Spring athletes survive saturated fields at start of season
The varsity baseball team has been evicted. Clumps of snow and a soggy surface of moist dirt cover their field, as batting cages sit on the sidelines under the weight of snow. The team gathers in the parking lot instead. Four bases shaped in a diamond are the only indication that the paved surface is meant to be a field, with players watching out of the corner of their eyes for fly balls that might hurtle unexpectedly through a car window."You just have to make sure you don't let anything by you," junior baseball player Ben Buchholz says with a knowing smile. "And that there are no cars near the bases in case there's an overthrow."
For many spring sports teams like baseball, the 2010 blizzard - otherwise known as Snowmageddon - put a damper on the start of the season by interrupting pre-season preparation and tryout schedules. "The snow basically made it impossible to do any real practice," senior lacrosse player Andrew Tran says. "There was really nothing we could do to prepare in the weeks before the season started."
Closings and delays
With the snow soaking Blair fields, teams searched frantically for indoor facilities to practice.
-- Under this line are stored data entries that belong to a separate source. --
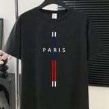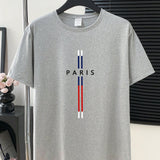 Camiseta informal de manga corta con cuello redondo y estampado de letras y rayas para hombre
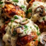 This Cheesy Garlic Butter Mushroom Stuffed Chicken recipe delivers tender chicken breasts filled with a savory blend of sautéed mushrooms, garlic, and mozzarella, baked to perfection and topped with a rich, creamy garlic Parmesan sauce. Perfect for a comforting dinner, it combines juicy chicken with gooey cheese and an aromatic mushroom filling.
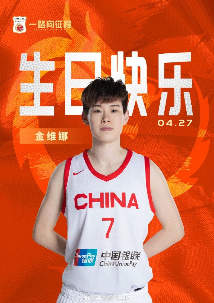 直播吧4月27日讯 今天是中国女篮国手金维娜32岁生日,祝福她生日快乐!
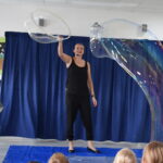 Školní družinu navštívila Ingrid K se svým programem nazvaným Bublinková show. Nejprve nás čekalo vystoupení s pejskem Bellou, poté jsme zhlédli balanc se sklem a mečem, tanec s obručemi a žonglování. Pak následovala samotná bublinková show s malými, velkými až maxi bublinami a s jejich různými kreacemi. Představení se nám všem líbilo.
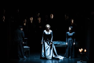 Maria Stuarda is a work of extreme passion, of the desperate holding on of power – by any means necessary. On this of all nights, the lines ‘Or dell’Anglia la pace è sicura, la nemica del regno già muor’ had particular resonance, as indeed did the idea of a desperate, power-hungry English ruler creating Scottish suffering just to hold on to power. Yet De Rosa’s staging felt anodyne, not even attempting to mine the drama within. Those who like their opera as fashion show will no doubt have appreciated some of the attractive couture (Ursula Patzak) worn by the ladies. It was surprising how, for someone locked up at Fotheringay, Maria Stuarda was glamorously dressed and impeccably coiffed. Indeed, even as she was taken to the gallows, her hair still looked immaculate, adorned with a regal headpiece. She might have been about to lose her head, but at least it looked fabulous when it went.
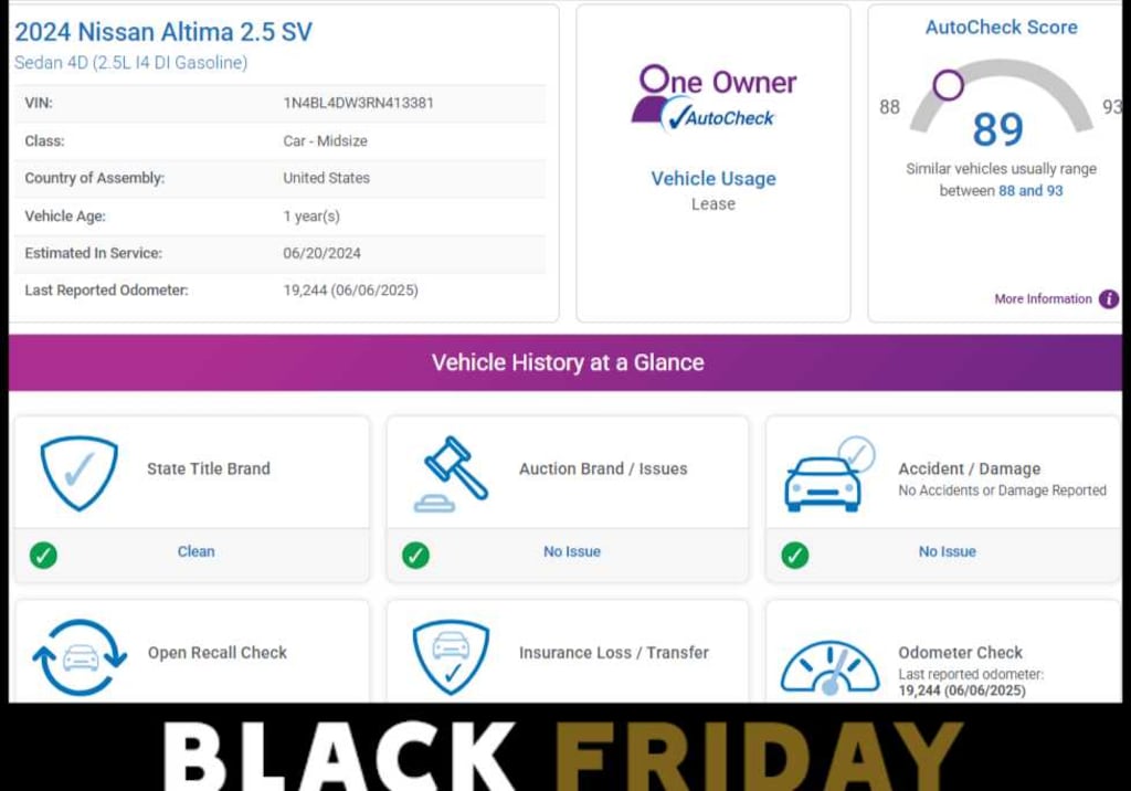 AutoCheck One Owner Was $24,990. This Altima is priced $1,100 below Kelley Blue Book.
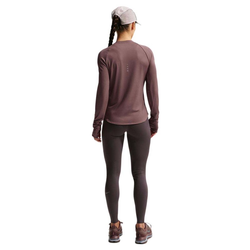 Maglia running Nike Swift crew Tattoo argento da donna, girocollo a manica lunga Dri-FIT UV, creata per marcare chilometri con morbidezza e totale focus.
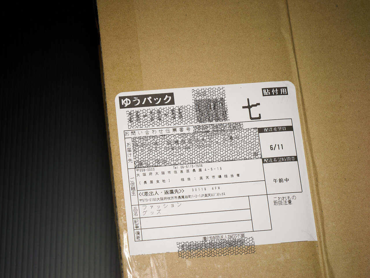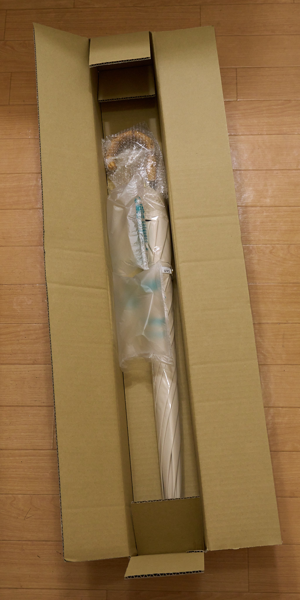 大阪から届いた。長傘を通販で買うとこういうパッケージングになるのか。

Many teams turned to Blair's main gym, but it was often occupied by other groups and proved unsuitable for full practices. "Softball is not an indoor sport," senior softball player Roxanne Oroxom says. "It's difficult to find nearby, available spaces for large groups of girls to throw or hit live balls indoors."
The wet is here to stay
Even after the white blizzard remains disappeared, problems still remained. "Just because the snow is off the field doesn't mean it's playable," junior baseball player Britton Smith says. "It was still wet and sloppy. There was no way we could have played on it without ripping up the grass."
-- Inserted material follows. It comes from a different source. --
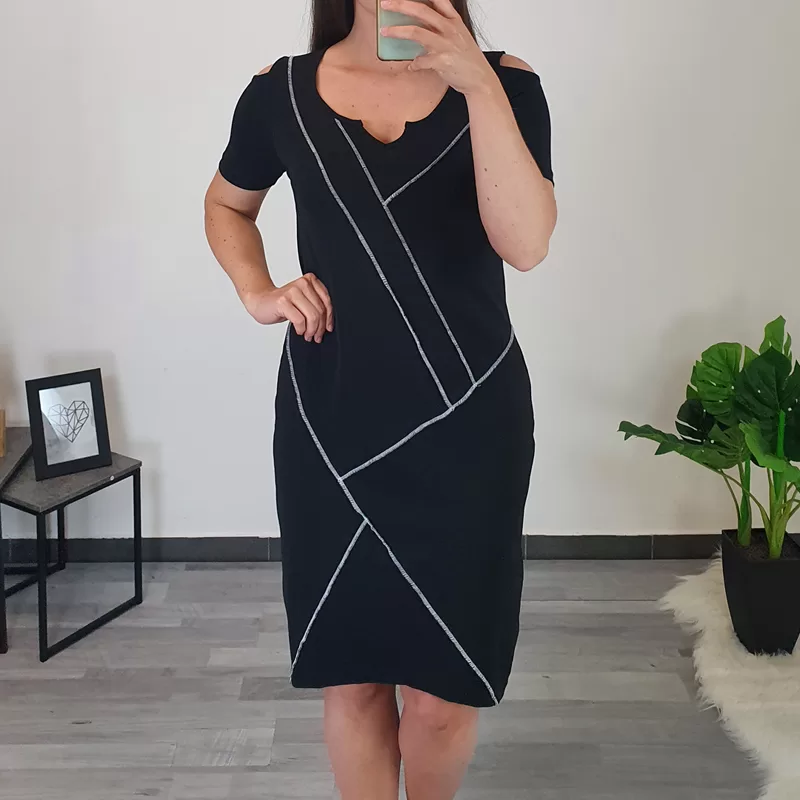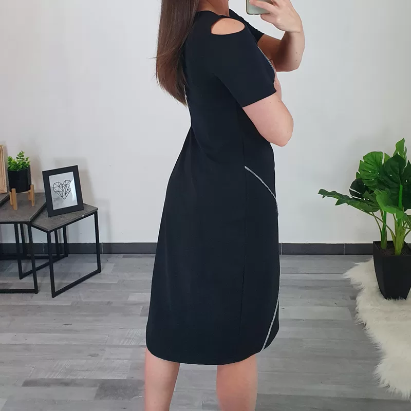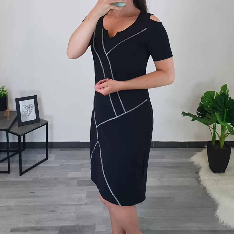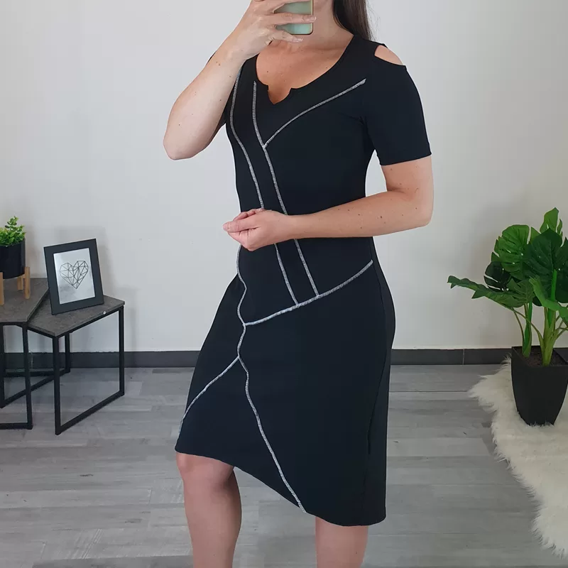 Modna ženska obleka Nika v črni barvi. Obleka ima kratka rokava in odprta ramena. Je rahlo oprijetega modela, na sprednji strani je krajša, na zadnji pa daljša. Poseben izgled ji dajejo zunanji šivi v beli barvi. Na voljo je od številke 36 do 46.

The softball team experienced similar challenges. Oroxom noted that the varsity softball field has been kept in excellent condition, but keeping one field playable has restricted softball practices to the junior varsity (JV) field. This has introduced more complications, since the JV field has an uneven surface of grass and rock that overlaps with lacrosse's practice area. "It's hard to use left and center field when there are people running around, bound to get hit by a hard line drive," she says.For varsity boys' lacrosse, the versatile turf saved the day. After freeing the turf of its ice blanket, the team was able to practice even more efficiently than in previous years, during which they had used the grass field. "Turf just makes everything easier," Tran said. "It's meant to be played on in any weather. [It] let us practice outside until the fields dried and now we're back in our normal routine."
A greener field
While the snow complications posed challenges for Blair teams, the athletes believe repercussions have been only mildly severe. Although she was worried about her team's lack of outdoor playing time, Oroxom's primary concern has been her teammates' individual motivation. "I was worried about our personal fitness regimens taking a turn in the wrong direction. Cold, bleak days tend to make you want to stay in bed all day," she said.
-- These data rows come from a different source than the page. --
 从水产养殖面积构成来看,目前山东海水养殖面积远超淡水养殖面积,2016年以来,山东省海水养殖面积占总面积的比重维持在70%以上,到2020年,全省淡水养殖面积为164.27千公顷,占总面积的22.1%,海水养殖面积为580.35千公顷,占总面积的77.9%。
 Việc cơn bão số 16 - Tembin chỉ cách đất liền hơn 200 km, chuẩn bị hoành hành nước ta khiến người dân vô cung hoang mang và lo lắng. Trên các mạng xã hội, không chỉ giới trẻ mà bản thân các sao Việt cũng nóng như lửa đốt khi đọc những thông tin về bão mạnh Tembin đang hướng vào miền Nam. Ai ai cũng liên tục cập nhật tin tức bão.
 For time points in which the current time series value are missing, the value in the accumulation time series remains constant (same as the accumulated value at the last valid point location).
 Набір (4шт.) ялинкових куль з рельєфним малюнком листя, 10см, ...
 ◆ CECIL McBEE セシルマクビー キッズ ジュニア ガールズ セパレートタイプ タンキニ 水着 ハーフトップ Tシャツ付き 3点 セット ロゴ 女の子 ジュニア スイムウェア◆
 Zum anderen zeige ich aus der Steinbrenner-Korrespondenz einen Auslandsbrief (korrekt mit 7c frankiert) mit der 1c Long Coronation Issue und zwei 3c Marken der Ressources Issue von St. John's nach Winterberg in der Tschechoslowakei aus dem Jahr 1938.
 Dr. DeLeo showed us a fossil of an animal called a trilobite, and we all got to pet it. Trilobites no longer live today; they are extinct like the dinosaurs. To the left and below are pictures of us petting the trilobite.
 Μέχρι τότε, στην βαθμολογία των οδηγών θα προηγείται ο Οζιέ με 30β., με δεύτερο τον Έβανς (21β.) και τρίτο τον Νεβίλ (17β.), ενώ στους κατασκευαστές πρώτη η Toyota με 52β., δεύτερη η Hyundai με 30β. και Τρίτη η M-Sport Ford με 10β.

Buchholz also admits he overreacted initially. "I was mortified at first. I was worried we wouldn't even get half the season in. But we were pretty fortunate," he says. "The field dried up pretty fast, so I don't think we were greatly hindered by the snow."
Fortunately, the lacrosse team was able to go on with practice as usual. "The turf is pristine and the grass fields are fine…in terms of effects from the snow, just about minimal," Tran says.
Despite the initial hindrance, Blazers feel the snow's aftermath did not place them at a notable disadvantage. "Everyone in the county is in a comparable position," Buchholz says. "We're not the only ones."